[Python-Dev] Challenge: Please break this! (a.k.a restricted mode revisited)

[Jon Ribbens]

On Tue, Apr 12, 2016 at 06:57:37PM +1000, Chris Angelico wrote:
> And yes, you win if you get another module. Interestingly, you're
> allowed to import urllib.parse, but not urllib itself; but "import
> urllib.parse" makes urllib available - and, since modules inside
> modules are blacklisted, "urllib.parse" doesn't exist
> (AttributeError).

Yes, this is issue #3 on github. I'd need to spend a few minutes
thinking about how to make importing of submodules work out properly.

> You can access the decimal module, and call decimal.getcontext(). This
> returns the same default context object that the "outer" Python uses;

OK, decimal goes ;-)

> Even more curiously, you can "import fractions", but you don't get
> fractions.Fraction - though you *do* get fractions.Decimal.
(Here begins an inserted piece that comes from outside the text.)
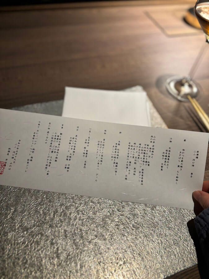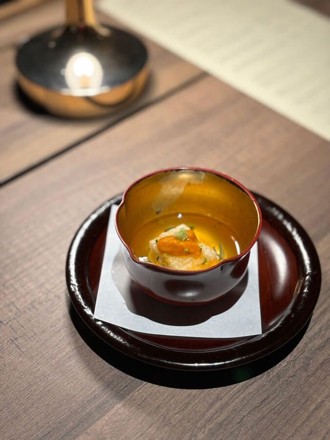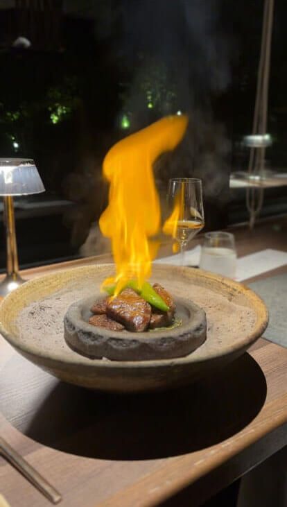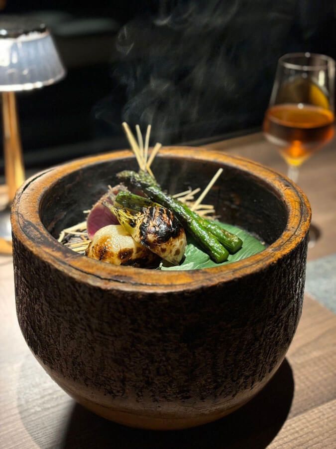 溶岩石や薪の香りとともに、ここでしか味わうことのできない日本料理を楽しみました。お料理は細かいところまで工夫されており、見ても食べても楽しく、最後まで飽きずに特別な食事の時間を楽しむことができました。お食事とお酒のペアリングを楽しむこともでき、大人の贅沢を味わえます。

That seems to be because Fraction inherits from numbers.Number,
which has a metaclass, so type(Fraction) is abc.ABCMeta not 'type'.
That's obviously not a security hole and may well be fixable.

> The sandbox code assumes that an attacker cannot create files in the
> current directory.

If the attacker can create such files then the system is already
compromised even if you're not using any sandboxing system, because
you won't be able to trust any normal imports from your own code.

> Setting LC_ALL and then working with calendar.LocaleTextCalendar()
> causes locale files to be read.

I don't think that has any obvious relevance. Doing "import enum"
causes "enum.py" to be read too, and that isn't a security hole.

> This is still a massive game of whack-a-mole.

No, it still isn't. If the names blacklist had to keep being extended
then you would be right, but that hasn't happened so far. Whitelists
by definition contain only a small, limited number of potential moles.

The only thing you found above that even remotely approaches an
exploit is the decimal.getcontext() thing, and even that I don't
think you could use to do any code execution.